# front strut bar



## Guest (Jul 13, 2002)

i just put on a front strut bar on my 97 200 sx, and its making all sorts of noise. can someone let me know if i have it on backwards, i put the open ended circle on the left hand side (aka the passenger side). i tightened all of the screws but it still makes noise. does anyone have this problem or any ideas of what i can do to get rid of the noise? thx


----------



## Niss200SXGTR (May 31, 2002)

*ok..*

Ok, check the middle bar..

if you have the same one i do, then there is the middle bar, adn the passenger, "complete circle" with the BIG black screw, that screws into the main bar, and there is a C 1/3 circle peice looking thing, for drivers side, what i did was this

--bolt down passenger side complete O ring All the way.
--screw both sides into the bar.
--twist the pieces, by dropping on the screws, then lifting to make adjustments.
--put drivers side ring on, and check to make sure that there is NO freespace whatsoever, then screw it down.. bolt that mo ' fo' down like never before.


----------



## Guest (Jul 13, 2002)

cool i will take a shot at that. but the noise was really annoying
thx for the help


----------



## Gimp (Jun 9, 2002)

What brand is it. A lot of the bars for the Sentra/200sx don't fit over the engine. Everytime you increase the throttle it'll rattle against the bar. I had the same problem until I got a different bar.


----------



## Teknokid (Jun 1, 2002)

What kind of bar did you have?? What other bars have problems?? I plan to get this strut bar because the company is located here in my city and it is pretty inexpensive. Hope it fits. If it doesnt I can return it, they already told me.
here is the link and tell me what you guys think. 209.87.151.155/search_results.asp?P...ParamTxt=sentra&btnSearch.x=11&btnSearch.y=14

Has anyone ever bought one of these bars?? does this look like another bar?? Im


----------



## Ninety-Nine SE-L (May 5, 2002)

Teknokid said:


> *What kind of bar did you have?? What other bars have problems?? I plan to get this strut bar because the company is located here in my city and it is pretty inexpensive. Hope it fits. If it doesnt I can return it, they already told me.
> here is the link and tell me what you guys think. 209.87.151.155/search_results.asp?P...ParamTxt=sentra&btnSearch.x=11&btnSearch.y=14
> 
> Has anyone ever bought one of these bars?? does this look like another bar?? Im *


Those are the same bars found on ebay. Auto Dynamic uses EBay to sell some of their products.


----------



## Gimp (Jun 9, 2002)

Try either stillen *cough* EXPENSIVE *cough*. Or either Mossy Nissan (california) or Courtesy Nissan (texas). I have a bar from Courtesy and it fits perfectly. 

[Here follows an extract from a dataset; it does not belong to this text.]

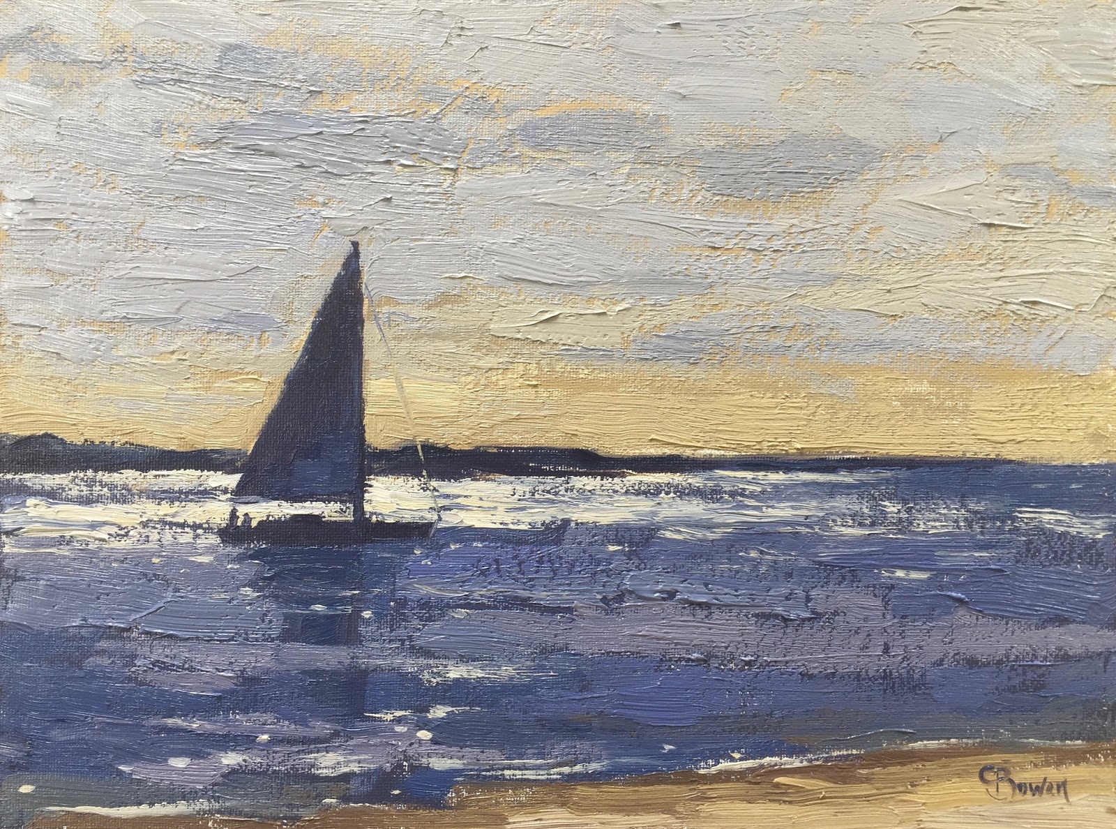 I enjoyed putting the light sparkle on the sea, when it was such a dark base it really showed up. Paying attention in getting the tones right of the sky, sea and sparlkle combo. The sparkle being the lightest in tone.

I also have a bar I couldn't return sitting in my Garage (rattles against the engine everytime I'd step on the throttle), Ractive.

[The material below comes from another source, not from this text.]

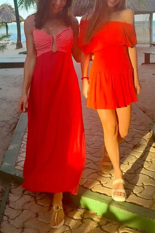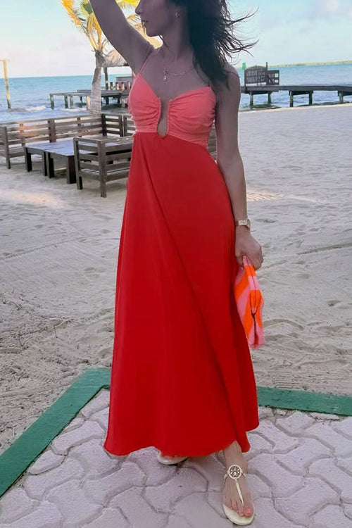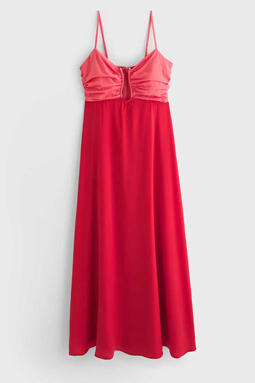 Spaghetti Strap Color Block Zipper Back Maxi Dress

I've tried 3 separate bars from ebay and NONE of them work. You might have to spend a little more, but it's worth it.


----------



## nak1 (May 17, 2002)

*i have a ractive...*

i dont have the problem Timbo had... but it does slightly rub on the underside of the hood. i plan on going CF hood anyhow sometime soon. and the bottom of it hits the tubing on top of the throttle body but i have been told that this tubing can be replaced with longer tubing to make room.


----------



## m14cstud (Jul 15, 2002)

I bought strut bar from ebay and it has worked fined for me. It was only 30 dollars and was from espeedgogo. I was apprehensive at first buying such a cheap strut bar, but it fits perefectly, no noise, and has increased my cornering ability a little bit.


----------



## Teknokid (Jun 1, 2002)

I just bought the front strut bar from autodynamic and from what i hear are being sold on ebay. Well i have a problem. It does rattle or anything but it the hood doesnt close right. I mean it does close all the way but i can see the bar rubbing against the hood and when i pop the hood it resonates against it so it sounds louder. What can i do??


----------



## Niss200SXGTR (May 31, 2002)

I have *cough* EBAY *cough* struts, rear and front, check out how they look on http://www.cardomain.com/member_pages/view_page.pl?page_id=227955


----------



## Guest (Aug 4, 2002)

I want to purchase a strut bar too. I saw some @ www.procarparts.com but wasnt sure on the quality heeellllla cheap though.


----------



## Niss200SXGTR (May 31, 2002)

i got my FRONT strut bar from them.. fit tight, clean, and looks killer!.. check it out http://www.cardomain.com/member_pages/view_page.pl?page_id=227955


----------



## Guest (Aug 4, 2002)

Your halos look tiiiight!! I wanted to purchase a set but wanted to hold off on the GTR front end. Eh! does it rattle or make any crazy noises?? If not I might purchase it asap!


----------



## Teknokid (Jun 1, 2002)

I figured it out. They gave me the bar for a 90-94 sentra. Its the blue one. Tee one i need is a black one. But the thing that gets me is that the blue one has like a slit on it for the a/c lines so i thought that one was it. I'll take it back on monday to autodynamic.


----------



## 97PocketRocket (Jul 31, 2002)

I picked mine up from NOPI (not dot com, the store..gotta love living near the werehouse) for $75, it's a double bar and not a single but the only two problems I had was the cover on each end of the bar near the mounts (which I removed and tossed, they were just weight after all!) rubbing the bottom of the hood and before I changed to the Stillen CAI it would smack against the stock airbox when you cranked the engine cold. Other than that I've had no added noise from it. Seems I got lucky, lol. Funny thing is, I can't use a straight bar (from mount to mount) I had to use the one that looks like it fit the earlier sentra models, the ac lines blocked the bar completely. That may have been caused when I had that side of the car repaired due to an idiot in a mini-van making a right hand turn from the left hand lane with me in the middle though.../sigh...mini-vans are all driven by satan.


----------



## sethwas (Apr 30, 2002)

Hey,
About 2 weeks ago I posted on the same subject with the solutions. Look up my member name and strut bars.

Seth


----------